Genes encoding two Theileria parva antigens recognized by CD8+ T-cells exhibit sequence diversity in South Sudanese cattle populations but the majority of alleles are similar to the Muguga component of the live vaccine cocktail

Abstract

East Coast fever (ECF), caused by Theileria parva infection, is a frequently fatal disease of cattle in eastern, central and southern Africa, and an emerging disease in South Sudan. Immunization using the infection and treatment method (ITM) is increasingly being used for control in countries affected by ECF, but not yet in South Sudan. It has been reported that CD8+ T-cell lymphocytes specific for parasitized cells play a central role in the immunity induced by ITM and a number of T. parva antigens recognized by parasite-specific CD8+ T-cells have been identified. In this study we determined the sequence diversity among two of these antigens, Tp1 and Tp2, which are under evaluation as candidates for inclusion in a sub-unit vaccine. T. parva samples (n = 81) obtained from cattle in four geographical regions of South Sudan were studied for sequence polymorphism in partial sequences of the Tp1 and Tp2 genes. Eight positions (1.97%) in Tp1 and 78 positions (15.48%) in Tp2 were shown to be polymorphic, giving rise to four and 14 antigen variants in Tp1 and Tp2, respectively. The overall nucleotide diversity in the Tp1 and Tp2 genes was π = 1.65% and π = 4.76%, respectively. The parasites were sampled from regions approximately 300 km apart, but there was limited evidence for genetic differentiation between populations. Analyses of the sequences revealed limited numbers of amino acid polymorphisms both overall and in residues within the mapped CD8+ T-cell epitopes. Although novel epitopes were identified in the samples from South Sudan, a large number of the samples harboured several epitopes in both antigens that were similar to those in the T. parva Muguga reference stock, which is a key component in the widely used live vaccine cocktail.

Fig 1. Map of South Sudan showing the sampling sites.

The four areas where cattle samples were collected are colour coded as follows: Bor = Blue; Juba = Orange; Yei = Green; Kajo keji = Red. Numbers in brackets indicate the number of cattle sampled at each site.

Fig 2. Multiple amino acid sequence alignment of Tp1 and Tp2 antigen variants present in cattle from South Sudan.

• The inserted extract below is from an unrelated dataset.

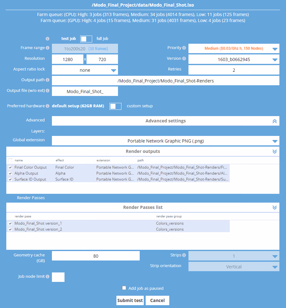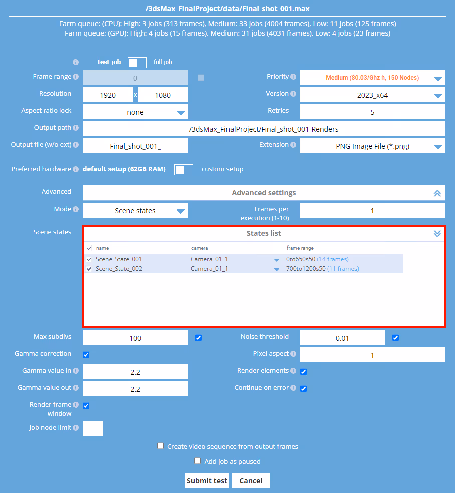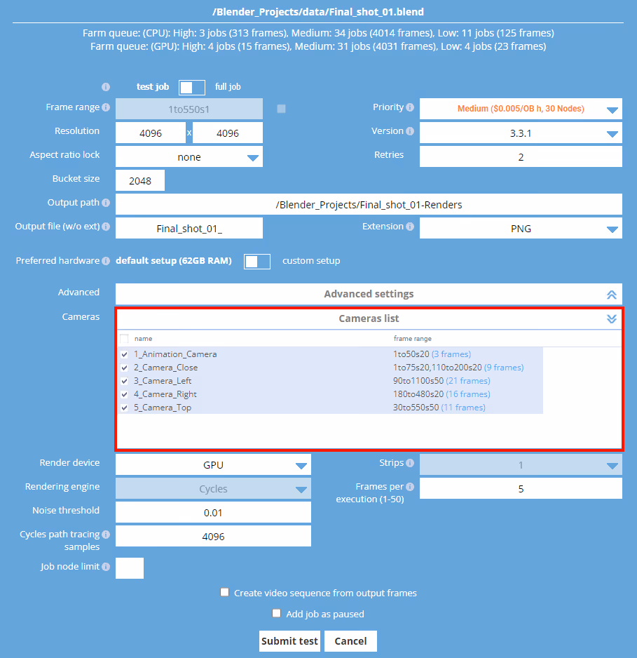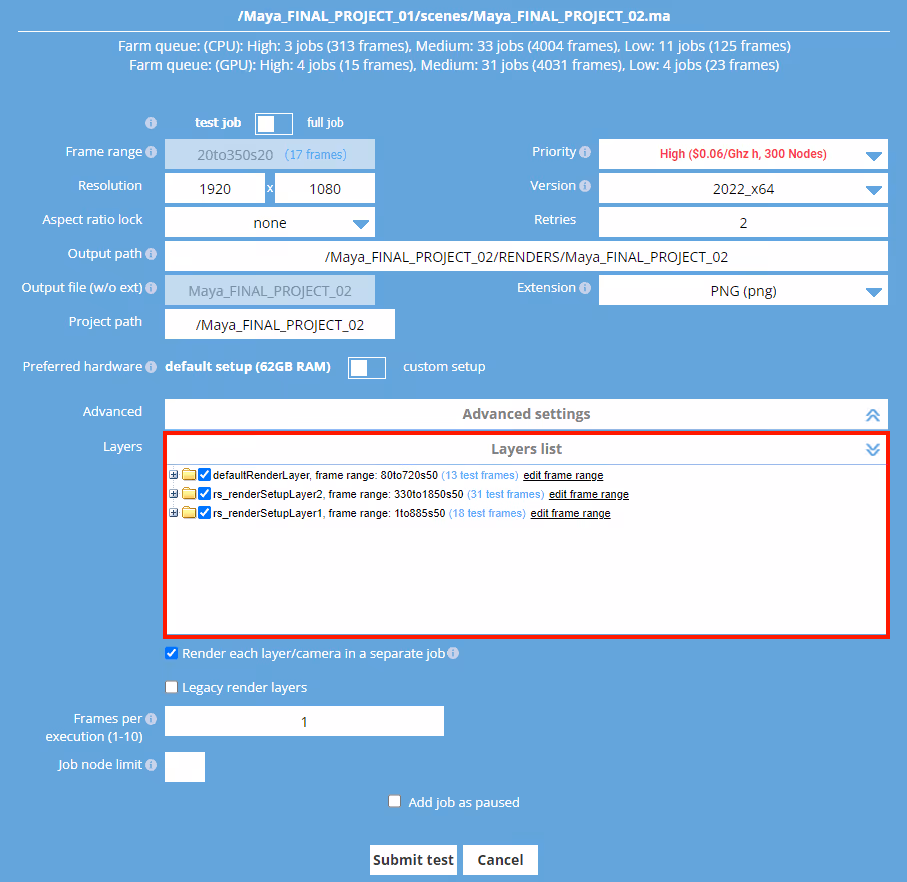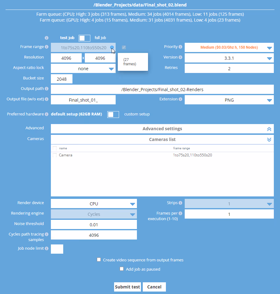 例:1~500の範囲をレンダリングしたい場合、システムは自動的に「テストジョブ」の範囲を1to500s20に設定します。これは、25フレームがレンダリングされることを意味します。より少ないフレームをレンダリングしたい場合は、ステップパラメーターをより大きな値に自分で設定する必要があります。つまり、1to500s50に設定すると、10フレームのみレンダリングされます。また、ステップパラメータを1to500s10のように小さい値に設定すると、この場合はテストとして50フレームをレンダリングできるようになります。

(A) Multiple sequence alignment of the four Tp1 antigen variants. Antigen variants Var-1, -3 and -9 were first described by Pelle et al. (2011) [17]. (B) Multiple sequence alignment of 14 Tp2 antigen variants. The naming of the antigen variants follows the nomenclature by Pelle et al. (2011) [17]. Antigen variants Var-1, -2 and -5 were first described by Pelle et al. (2011) [17]. The CD8⁺ T-cell target epitopes are boxed and the polymorphic residues in the epitopes are shown in red. The frequency of each variant amongst the samples tested is indicated in square brackets. Residues conserved in all sequences are identified below the alignment (*). The shaded flanking regions are equivalent to the positions of the secondary (nested) PCR primers, and are not included in estimations of the percentage of the residues that are conserved.

Fig 3. Neighbour-joining trees of Tp1 and Tp2 gene sequences indicating phylogeographic relationships among cattle derived T. parva isolates.

The isolates are color-coded based on their geographic origin in South Sudan and alleles which are represented by these samples are shown in brackets. The colour codes are as follows: Bor = Blue; Juba = Orange; Yei = Green; Kajo keji = Red. Bootstrap values >50% are shown above the nodes. (A) Tree showing relationships between Tp1 gene sequences from 79 cattle isolates of T. parva. The TP03_0849 gene from the T. parva (Muguga) genome sequence was also included in the analysis (Tp1-F100-TpM). The sequence of T. annulata Tp1 homologue (TA17450) was used to root the tree. (B) Tree showing relationships among Tp2 gene sequences from 65 cattle-derived T. parva isolates. The TP01_0056 gene from T. parva (Muguga) genome sequence was also included in the analysis (Tp2-F100-TpM). The Tp2 homologous sequence from T. annulata (TA19865) was used to root the tree.

Fig 4. Principal component analysis (PCA) of Tp1 (A) and Tp2 (B).

This diagram illustrates the relationship between the geographic origin of the samples and the Muguga strain. The proportion of variation in the dataset explained by the 1^st and 2^nd principal components is indicated in parentheses.

Fig 5. Median-Joining network of 9 and 15 haplotypes observed in T. parva population in South Sudan based on the polymorphic sites of (A) Tp1 and (B) Tp2 genes, respectively.

The sizes of the circles are proportional to the haplotype frequencies. The origin of each haplotype is colour coded as follows: Bor = Yellow; Juba = Red; Yei = Blue; Kajo keji = Green; Median vector = Brown; T. parva Muguga = Black. The numbers in red in (A) represent the mutations that differentiate the haplotypes.